--- Supplied material ---

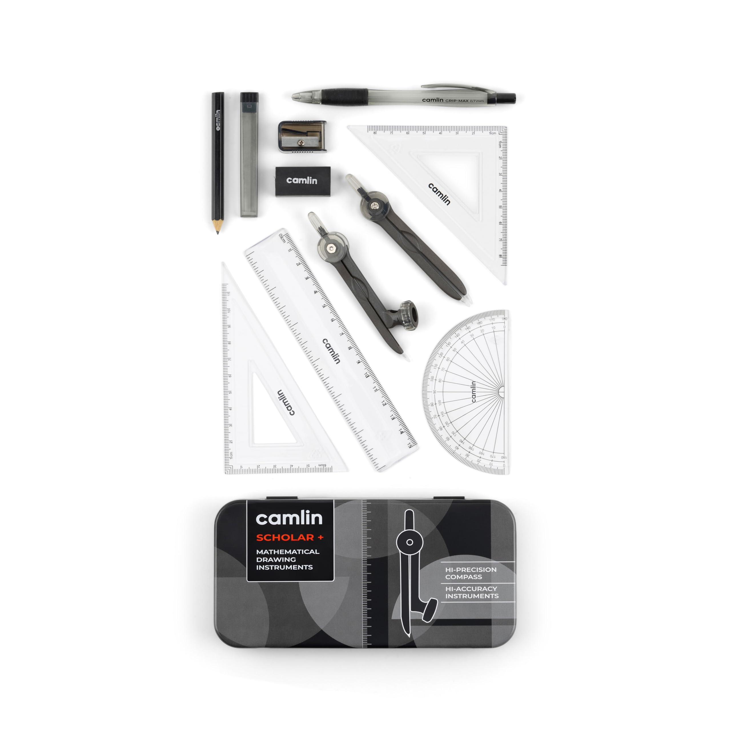 - Pack Contents - 1N Self centering compass, 1N Protractor 180, 1N Set square 45, 1N Set square 60, 1N Divider, 1N Pencil, 1N Eraser, 1N Sharpener, 1N Scale 15cm, 1N 0.7mm Mech Pencil 1N Lead box 0.7mm
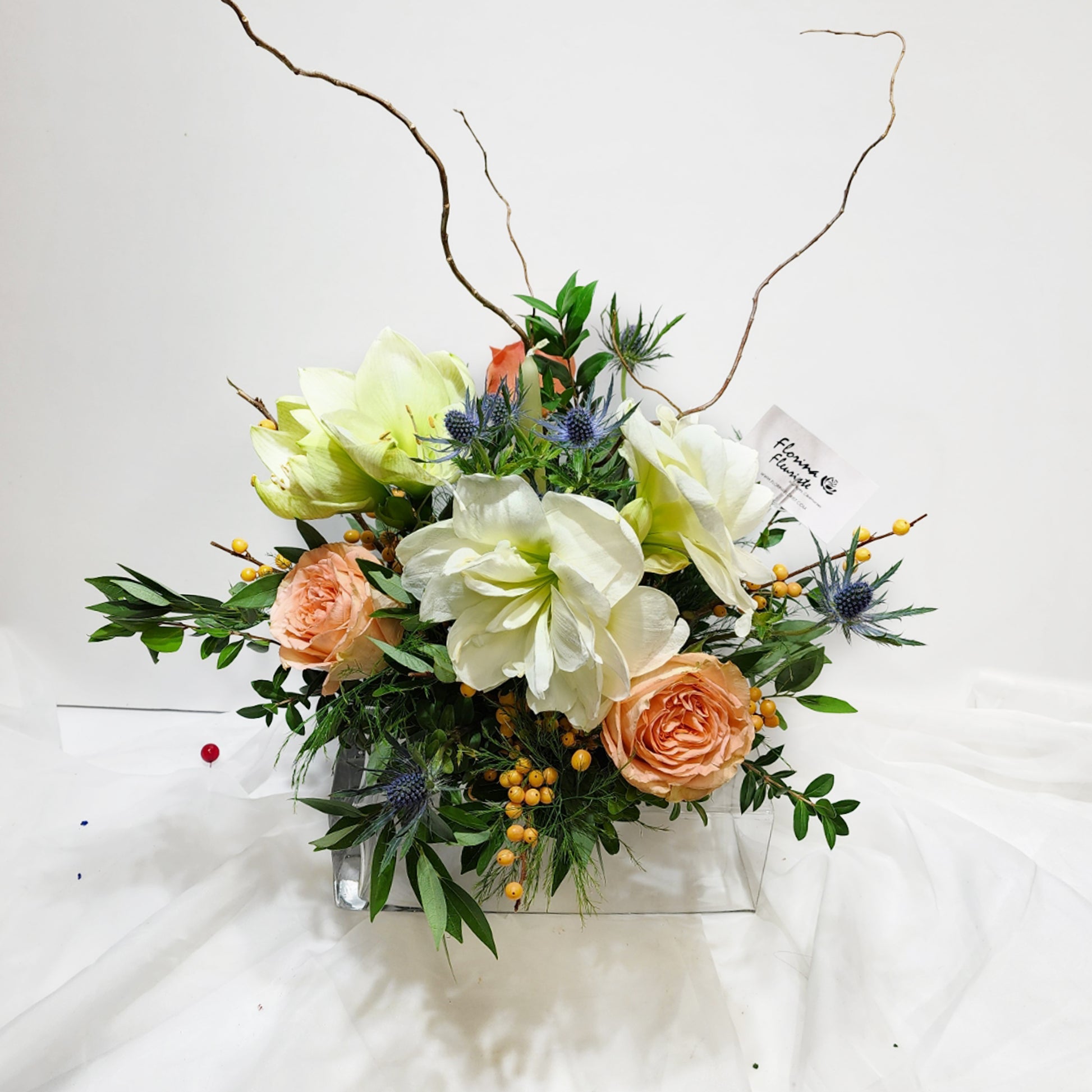 4 Peach Rose , lily , Hypericum , Corraline and foliage. Eringium with vase.
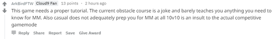 “这个游戏需要一个合适的新手教程,目前的教程就是一个笑话,根本就教不了任何人竞技模式所要知道的东西。对于那些准备开始打竞技匹配的玩家而言,休闲模式对于真正的竞技训练起不到任何作用,10v10 简直就是对竞技的一种侮辱。”

---

What to do:
The answer should consist of every line above, exact and free of images.

Answer space:
 - Pack Contents - 1N Self centering compass, 1N Protractor 180, 1N Set square 45, 1N Set square 60, 1N Divider, 1N Pencil, 1N Eraser, 1N Sharpener, 1N Scale 15cm, 1N 0.7mm Mech Pencil 1N Lead box 0.7mm
 4 Peach Rose , lily , Hypericum , Corraline and foliage. Eringium with vase.
 “这个游戏需要一个合适的新手教程,目前的教程就是一个笑话,根本就教不了任何人竞技模式所要知道的东西。对于那些准备开始打竞技匹配的玩家而言,休闲模式对于真正的竞技训练起不到任何作用,10v10 简直就是对竞技的一种侮辱。”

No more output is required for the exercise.